Saturday, August 28, 2004

What are those Composite Applications?

"Composite applications" has become quite a buzzword. But what are those composite applications, exactly? The short answer is: applications built by composing existing applications and services. Now let me give you the long answer.

We are talking here about applications accessed by end users, not backend faceless programs. In most cases those are Web applications, which have been traditionally built with a 3-tiers architecture: the browser (running on the end user computer), the application (running on the application server), and the data store (usually a relational database). This decoupling brings a number of now well known benefits over 2-tier client-server architectures.

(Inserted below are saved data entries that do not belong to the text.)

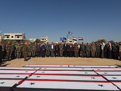 وخلال التشييع تحدث العميد حسن أحمد رئيس فرع التوجيه السياسي في قيادة المنطقة الوسطى فقال : بكبير فخر وعظيم أجر نشيع اليوم كوكبة من شهداء الوطن إلى مثواهم الأخير هؤلاء الأبطال ارتقوا حفاظا على منجزات التصحيح عندما دمر الإرهاب منشآتنا ليعيدنا أعواما للوراء ولكن بفضل تضحيات أبطالنا صمدنا وانتصرنا فالقداسة لأرواحهم الطاهرة والشكر لعوائلهم الكريمة التي قدمت للوطن أغلى ما تملك ليبقى عزيزا شامخا , وأضاف إن كان هؤلاء الأبرار مجهولي الهوية فيشرفنا أن نكون أهلهم وذويهم فهم باتوا نجوما تضيء الدرب للأجيال القادمة وسورية منتصرة بفضل صمود شعبنا وبطولة جيشنا وحكمة قائدنا.
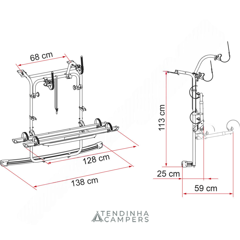 Sistema de Fixação: Inclui um prático sistema de tensionamento inferior que permite fixar o Carry-Bike ao veículo de forma totalmente segura.
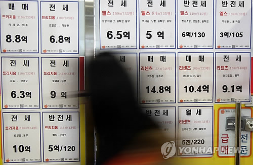 | △ 서울 시내 아파트의 평균 전세금이 도시 근로자 가구의 6년치 소득과 맞먹는 것으로 나타났다. 부동산114는 작년 12월 말 현재 전국 아파트의 전세 시세와 통계청의 지난해 도시근로자 가구(2인 이상 기준) 소득을 비교한 결과, 서울지역 평균 전세가격이 3억3천849만원으로 도시근로자 가구의 연간 소득(5천682만원)의 5.96배에 달했다고 밝혔다. 사진은 15일 서울 송파구 한 부동산 중개업소 모습. |

Traditional 3-tier Architecture

Composite applications live in a Service Oriented Architecture (SOA), which introduces one additional tier. Let's see what is the rational for this. In a 3-tier architecture, the application tier is not a monolithic piece of code. Instead, it is decomposed into multiple layers: two of the most important layers are the presentation layer and the business logic layer. Application architects have since long recognized the value of making a clear separation between those two layers, including making the code the application easier to maintain and evolve, and helping splitting the work to be performed in an efficient way among members of large teams.

Composite applications in a Service Oriented Architecture

While the presentation layer tends to be very application-specific, it is not uncommon in a given medium to large size company to have multiple applications implement the same business logic. Even though in a 3-tier architecture the application tier tends to separate the presentation layer and business logic layer, that business logic is not easily accessible from other applications. This means that when a new application is created, while the business logic has been already created from another application, the business logic will most certainly be rewritten from scratch for the new application. SOA wants to wrap the existing applications business logic layer in a service (think Web services), and new business logic implemented as services.

In this environment new applications only implement the presentation layer, and call services that implement the business logic. We now call this new type of presentation-focused applications "Composite Applications".